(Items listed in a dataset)

------------

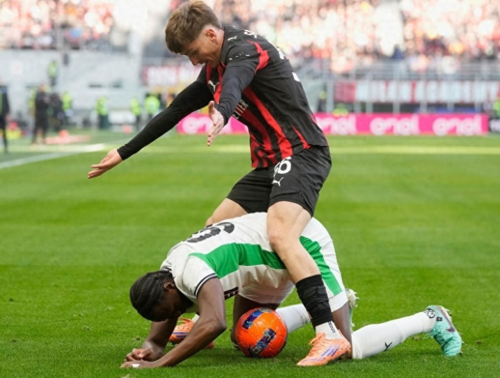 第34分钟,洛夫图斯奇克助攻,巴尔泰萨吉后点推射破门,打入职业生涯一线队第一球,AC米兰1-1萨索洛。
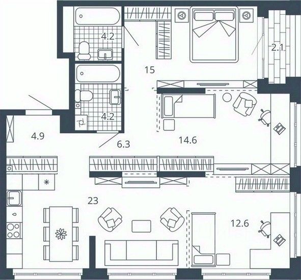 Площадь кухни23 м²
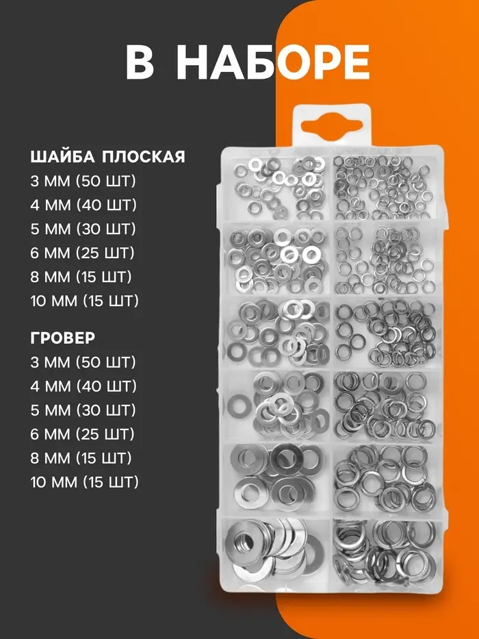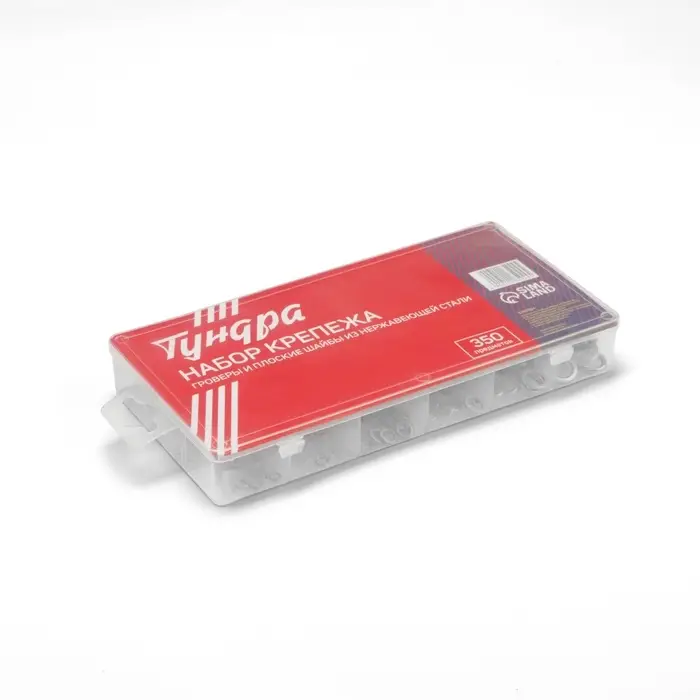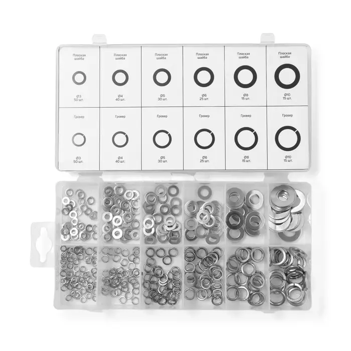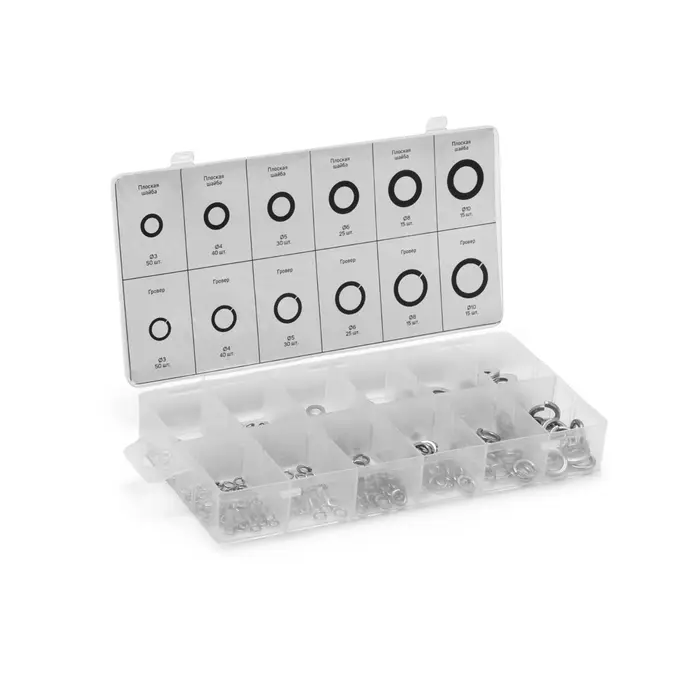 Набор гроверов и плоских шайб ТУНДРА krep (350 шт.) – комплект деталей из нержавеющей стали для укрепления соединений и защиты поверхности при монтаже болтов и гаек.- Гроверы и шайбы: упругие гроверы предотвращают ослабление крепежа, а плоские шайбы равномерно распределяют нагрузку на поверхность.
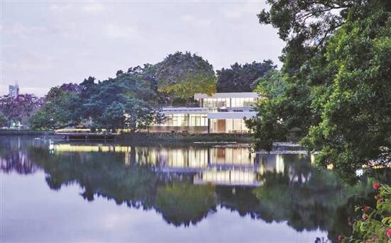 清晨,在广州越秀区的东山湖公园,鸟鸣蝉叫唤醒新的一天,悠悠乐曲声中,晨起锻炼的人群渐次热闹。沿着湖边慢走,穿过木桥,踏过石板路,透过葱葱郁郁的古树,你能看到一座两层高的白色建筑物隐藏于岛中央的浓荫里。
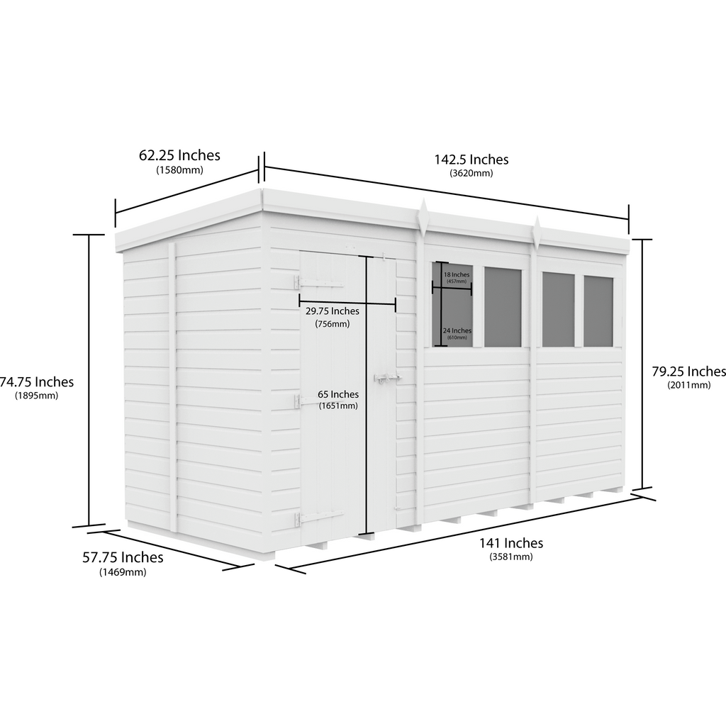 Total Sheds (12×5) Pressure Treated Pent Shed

------------

◆ **Work to complete**
Repeat the exact lines from the first line of the data through the line containing "Площадь кухни23 м²". Nothing else, no pictures.

◆ **Answer below**
 第34分钟,洛夫图斯奇克助攻,巴尔泰萨吉后点推射破门,打入职业生涯一线队第一球,AC米兰1-1萨索洛。
 Площадь кухни23 м²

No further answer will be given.